### [Assignment]
A verbatim transcript of the data that follows, free of images, is the expected result.

### [Material provided]

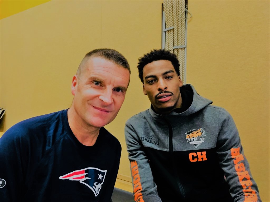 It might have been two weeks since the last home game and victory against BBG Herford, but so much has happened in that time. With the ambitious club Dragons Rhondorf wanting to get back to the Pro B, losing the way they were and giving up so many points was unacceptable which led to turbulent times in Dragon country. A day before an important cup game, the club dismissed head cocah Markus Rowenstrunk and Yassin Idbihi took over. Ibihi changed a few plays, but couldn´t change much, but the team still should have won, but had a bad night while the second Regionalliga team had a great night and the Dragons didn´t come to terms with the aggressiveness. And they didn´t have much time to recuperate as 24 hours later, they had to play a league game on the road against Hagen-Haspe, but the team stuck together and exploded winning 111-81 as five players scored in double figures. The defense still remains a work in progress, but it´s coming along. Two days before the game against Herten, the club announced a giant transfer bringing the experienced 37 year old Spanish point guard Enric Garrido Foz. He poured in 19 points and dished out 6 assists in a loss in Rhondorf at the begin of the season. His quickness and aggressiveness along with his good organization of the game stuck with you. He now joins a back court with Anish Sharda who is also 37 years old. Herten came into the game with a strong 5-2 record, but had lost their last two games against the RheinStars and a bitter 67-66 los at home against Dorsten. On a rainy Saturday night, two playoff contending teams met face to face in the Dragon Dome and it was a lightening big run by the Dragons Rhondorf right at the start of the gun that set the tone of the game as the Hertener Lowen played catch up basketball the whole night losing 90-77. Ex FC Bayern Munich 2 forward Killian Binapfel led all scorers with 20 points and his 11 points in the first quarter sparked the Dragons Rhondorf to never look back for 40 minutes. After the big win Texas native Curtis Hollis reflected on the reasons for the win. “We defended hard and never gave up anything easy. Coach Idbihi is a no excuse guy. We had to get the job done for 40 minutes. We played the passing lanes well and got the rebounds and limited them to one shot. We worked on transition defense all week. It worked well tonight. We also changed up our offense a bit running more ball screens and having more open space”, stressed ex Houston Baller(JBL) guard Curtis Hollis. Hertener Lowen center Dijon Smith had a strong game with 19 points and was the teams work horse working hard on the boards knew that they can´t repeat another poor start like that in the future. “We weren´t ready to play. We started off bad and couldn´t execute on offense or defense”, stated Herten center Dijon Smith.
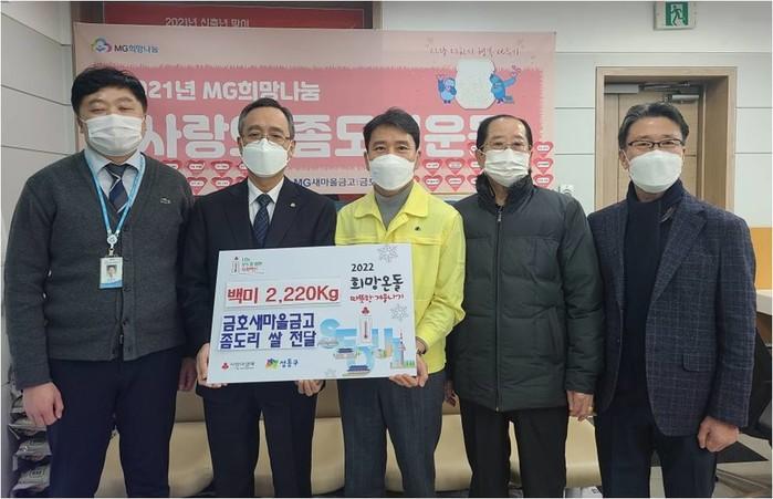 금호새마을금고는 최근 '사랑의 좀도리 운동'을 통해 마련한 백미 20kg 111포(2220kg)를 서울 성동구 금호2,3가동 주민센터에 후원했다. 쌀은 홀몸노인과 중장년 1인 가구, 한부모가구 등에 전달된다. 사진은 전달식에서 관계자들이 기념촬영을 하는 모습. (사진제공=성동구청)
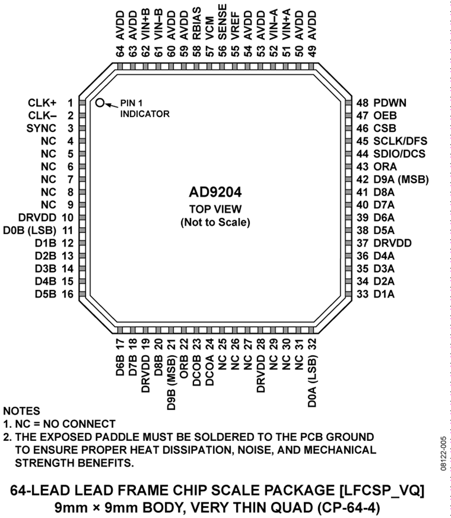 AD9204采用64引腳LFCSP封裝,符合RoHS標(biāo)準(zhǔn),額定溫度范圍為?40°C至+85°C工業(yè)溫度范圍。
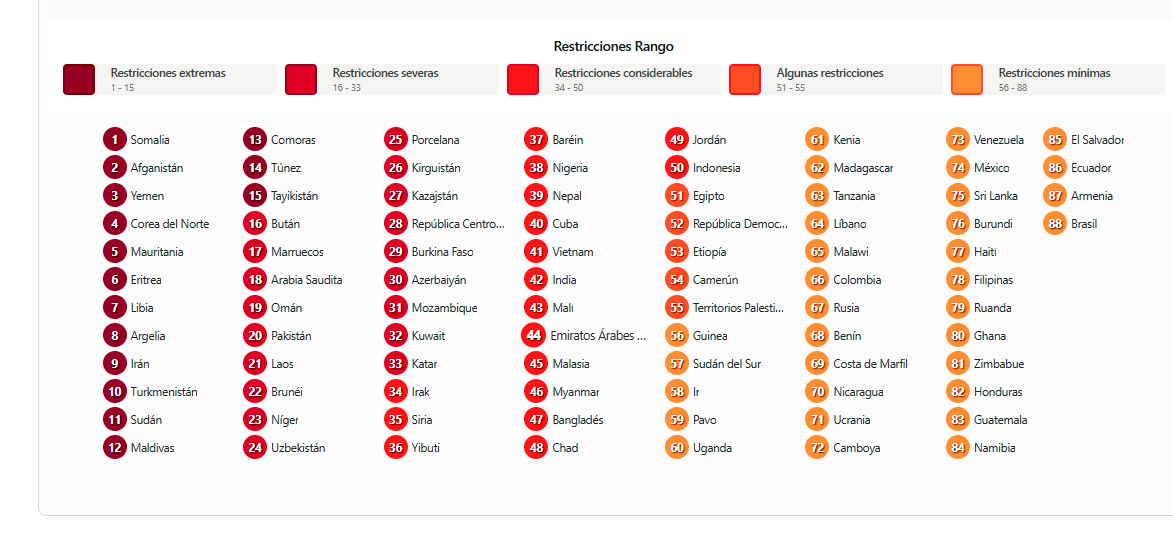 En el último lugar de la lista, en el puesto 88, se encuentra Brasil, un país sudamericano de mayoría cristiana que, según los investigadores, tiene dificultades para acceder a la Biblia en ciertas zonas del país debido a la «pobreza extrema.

### [Solution to the problem]
 It might have been two weeks since the last home game and victory against BBG Herford, but so much has happened in that time. With the ambitious club Dragons Rhondorf wanting to get back to the Pro B, losing the way they were and giving up so many points was unacceptable which led to turbulent times in Dragon country. A day before an important cup game, the club dismissed head cocah Markus Rowenstrunk and Yassin Idbihi took over. Ibihi changed a few plays, but couldn´t change much, but the team still should have won, but had a bad night while the second Regionalliga team had a great night and the Dragons didn´t come to terms with the aggressiveness. And they didn´t have much time to recuperate as 24 hours later, they had to play a league game on the road against Hagen-Haspe, but the team stuck together and exploded winning 111-81 as five players scored in double figures. The defense still remains a work in progress, but it´s coming along. Two days before the game against Herten, the club announced a giant transfer bringing the experienced 37 year old Spanish point guard Enric Garrido Foz. He poured in 19 points and dished out 6 assists in a loss in Rhondorf at the begin of the season. His quickness and aggressiveness along with his good organization of the game stuck with you. He now joins a back court with Anish Sharda who is also 37 years old. Herten came into the game with a strong 5-2 record, but had lost their last two games against the RheinStars and a bitter 67-66 los at home against Dorsten. On a rainy Saturday night, two playoff contending teams met face to face in the Dragon Dome and it was a lightening big run by the Dragons Rhondorf right at the start of the gun that set the tone of the game as the Hertener Lowen played catch up basketball the whole night losing 90-77. Ex FC Bayern Munich 2 forward Killian Binapfel led all scorers with 20 points and his 11 points in the first quarter sparked the Dragons Rhondorf to never look back for 40 minutes. After the big win Texas native Curtis Hollis reflected on the reasons for the win. “We defended hard and never gave up anything easy. Coach Idbihi is a no excuse guy. We had to get the job done for 40 minutes. We played the passing lanes well and got the rebounds and limited them to one shot. We worked on transition defense all week. It worked well tonight. We also changed up our offense a bit running more ball screens and having more open space”, stressed ex Houston Baller(JBL) guard Curtis Hollis. Hertener Lowen center Dijon Smith had a strong game with 19 points and was the teams work horse working hard on the boards knew that they can´t repeat another poor start like that in the future. “We weren´t ready to play. We started off bad and couldn´t execute on offense or defense”, stated Herten center Dijon Smith.
 금호새마을금고는 최근 '사랑의 좀도리 운동'을 통해 마련한 백미 20kg 111포(2220kg)를 서울 성동구 금호2,3가동 주민센터에 후원했다. 쌀은 홀몸노인과 중장년 1인 가구, 한부모가구 등에 전달된다. 사진은 전달식에서 관계자들이 기념촬영을 하는 모습. (사진제공=성동구청)
 AD9204采用64引腳LFCSP封裝,符合RoHS標(biāo)準(zhǔn),額定溫度范圍為?40°C至+85°C工業(yè)溫度范圍。
 En el último lugar de la lista, en el puesto 88, se encuentra Brasil, un país sudamericano de mayoría cristiana que, según los investigadores, tiene dificultades para acceder a la Biblia en ciertas zonas del país debido a la «pobreza extrema.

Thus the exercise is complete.